Work order →
The result should be the listing below, restated exactly, with its pictures left out.

Recorded data →
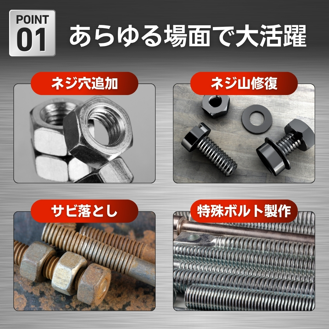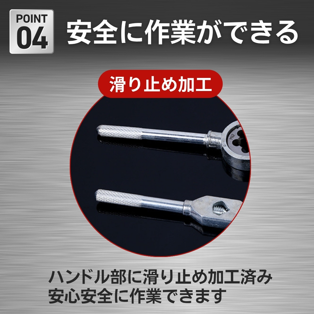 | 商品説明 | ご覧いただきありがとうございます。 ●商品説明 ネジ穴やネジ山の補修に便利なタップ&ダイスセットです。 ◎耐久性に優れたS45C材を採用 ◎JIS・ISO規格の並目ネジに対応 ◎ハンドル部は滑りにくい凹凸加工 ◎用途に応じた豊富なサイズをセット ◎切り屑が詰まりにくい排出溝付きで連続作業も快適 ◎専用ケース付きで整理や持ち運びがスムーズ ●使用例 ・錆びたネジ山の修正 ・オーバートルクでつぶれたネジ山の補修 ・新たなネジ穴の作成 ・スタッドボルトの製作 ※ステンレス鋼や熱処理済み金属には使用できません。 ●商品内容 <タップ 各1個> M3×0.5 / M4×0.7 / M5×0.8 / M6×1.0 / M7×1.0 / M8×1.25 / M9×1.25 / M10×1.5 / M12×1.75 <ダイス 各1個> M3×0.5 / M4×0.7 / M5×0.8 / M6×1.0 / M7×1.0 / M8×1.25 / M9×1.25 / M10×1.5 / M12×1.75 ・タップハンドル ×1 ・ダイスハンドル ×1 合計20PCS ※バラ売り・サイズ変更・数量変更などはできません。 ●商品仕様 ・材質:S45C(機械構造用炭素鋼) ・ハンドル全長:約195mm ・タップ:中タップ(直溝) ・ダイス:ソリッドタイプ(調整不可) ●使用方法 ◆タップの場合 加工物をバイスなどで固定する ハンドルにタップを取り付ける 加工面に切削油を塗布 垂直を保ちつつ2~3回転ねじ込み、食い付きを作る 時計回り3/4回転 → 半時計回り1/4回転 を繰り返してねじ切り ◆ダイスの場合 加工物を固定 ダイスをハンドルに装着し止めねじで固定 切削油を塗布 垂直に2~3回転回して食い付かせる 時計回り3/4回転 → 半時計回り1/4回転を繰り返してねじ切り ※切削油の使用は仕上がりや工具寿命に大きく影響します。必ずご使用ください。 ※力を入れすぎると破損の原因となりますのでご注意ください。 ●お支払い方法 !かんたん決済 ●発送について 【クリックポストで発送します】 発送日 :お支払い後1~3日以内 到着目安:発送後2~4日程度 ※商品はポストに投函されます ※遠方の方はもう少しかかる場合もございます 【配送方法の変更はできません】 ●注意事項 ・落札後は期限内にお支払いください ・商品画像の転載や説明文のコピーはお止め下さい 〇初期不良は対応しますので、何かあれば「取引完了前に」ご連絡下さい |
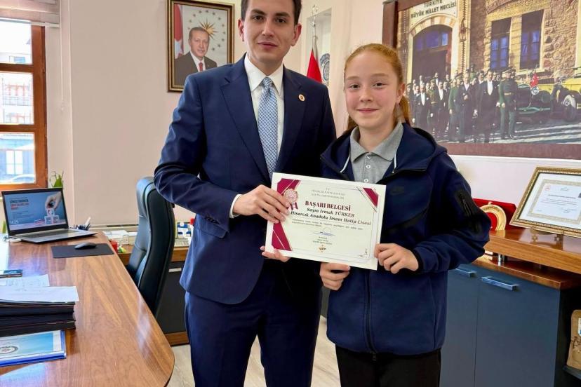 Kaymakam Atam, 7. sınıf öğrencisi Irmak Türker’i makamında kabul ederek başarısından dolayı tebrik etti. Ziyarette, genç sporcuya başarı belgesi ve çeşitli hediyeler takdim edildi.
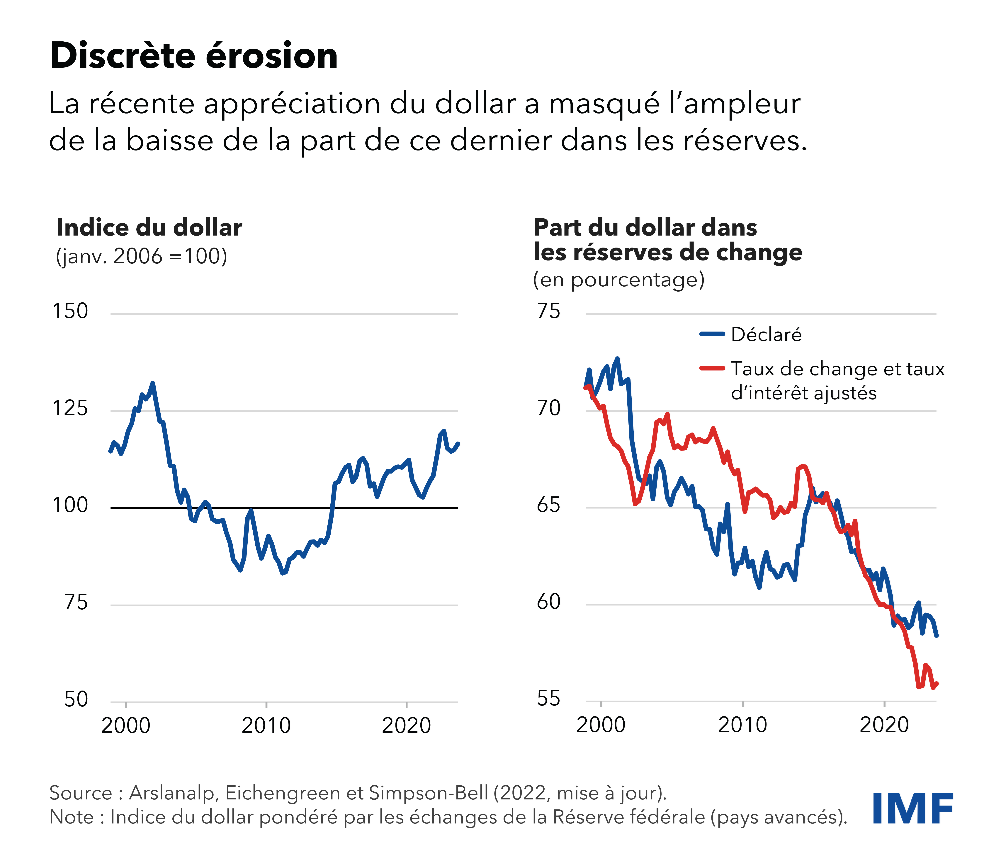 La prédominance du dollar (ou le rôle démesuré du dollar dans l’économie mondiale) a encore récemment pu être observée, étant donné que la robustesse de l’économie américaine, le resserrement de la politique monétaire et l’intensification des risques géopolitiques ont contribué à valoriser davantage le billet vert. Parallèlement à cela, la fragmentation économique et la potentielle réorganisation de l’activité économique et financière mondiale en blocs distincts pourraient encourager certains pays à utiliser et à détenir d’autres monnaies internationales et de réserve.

Solution to this task →
 | 商品説明 | ご覧いただきありがとうございます。 ●商品説明 ネジ穴やネジ山の補修に便利なタップ&ダイスセットです。 ◎耐久性に優れたS45C材を採用 ◎JIS・ISO規格の並目ネジに対応 ◎ハンドル部は滑りにくい凹凸加工 ◎用途に応じた豊富なサイズをセット ◎切り屑が詰まりにくい排出溝付きで連続作業も快適 ◎専用ケース付きで整理や持ち運びがスムーズ ●使用例 ・錆びたネジ山の修正 ・オーバートルクでつぶれたネジ山の補修 ・新たなネジ穴の作成 ・スタッドボルトの製作 ※ステンレス鋼や熱処理済み金属には使用できません。 ●商品内容 <タップ 各1個> M3×0.5 / M4×0.7 / M5×0.8 / M6×1.0 / M7×1.0 / M8×1.25 / M9×1.25 / M10×1.5 / M12×1.75 <ダイス 各1個> M3×0.5 / M4×0.7 / M5×0.8 / M6×1.0 / M7×1.0 / M8×1.25 / M9×1.25 / M10×1.5 / M12×1.75 ・タップハンドル ×1 ・ダイスハンドル ×1 合計20PCS ※バラ売り・サイズ変更・数量変更などはできません。 ●商品仕様 ・材質:S45C(機械構造用炭素鋼) ・ハンドル全長:約195mm ・タップ:中タップ(直溝) ・ダイス:ソリッドタイプ(調整不可) ●使用方法 ◆タップの場合 加工物をバイスなどで固定する ハンドルにタップを取り付ける 加工面に切削油を塗布 垂直を保ちつつ2~3回転ねじ込み、食い付きを作る 時計回り3/4回転 → 半時計回り1/4回転 を繰り返してねじ切り ◆ダイスの場合 加工物を固定 ダイスをハンドルに装着し止めねじで固定 切削油を塗布 垂直に2~3回転回して食い付かせる 時計回り3/4回転 → 半時計回り1/4回転を繰り返してねじ切り ※切削油の使用は仕上がりや工具寿命に大きく影響します。必ずご使用ください。 ※力を入れすぎると破損の原因となりますのでご注意ください。 ●お支払い方法 !かんたん決済 ●発送について 【クリックポストで発送します】 発送日 :お支払い後1~3日以内 到着目安:発送後2~4日程度 ※商品はポストに投函されます ※遠方の方はもう少しかかる場合もございます 【配送方法の変更はできません】 ●注意事項 ・落札後は期限内にお支払いください ・商品画像の転載や説明文のコピーはお止め下さい 〇初期不良は対応しますので、何かあれば「取引完了前に」ご連絡下さい |
 Kaymakam Atam, 7. sınıf öğrencisi Irmak Türker’i makamında kabul ederek başarısından dolayı tebrik etti. Ziyarette, genç sporcuya başarı belgesi ve çeşitli hediyeler takdim edildi.
 La prédominance du dollar (ou le rôle démesuré du dollar dans l’économie mondiale) a encore récemment pu être observée, étant donné que la robustesse de l’économie américaine, le resserrement de la politique monétaire et l’intensification des risques géopolitiques ont contribué à valoriser davantage le billet vert. Parallèlement à cela, la fragmentation économique et la potentielle réorganisation de l’activité économique et financière mondiale en blocs distincts pourraient encourager certains pays à utiliser et à détenir d’autres monnaies internationales et de réserve.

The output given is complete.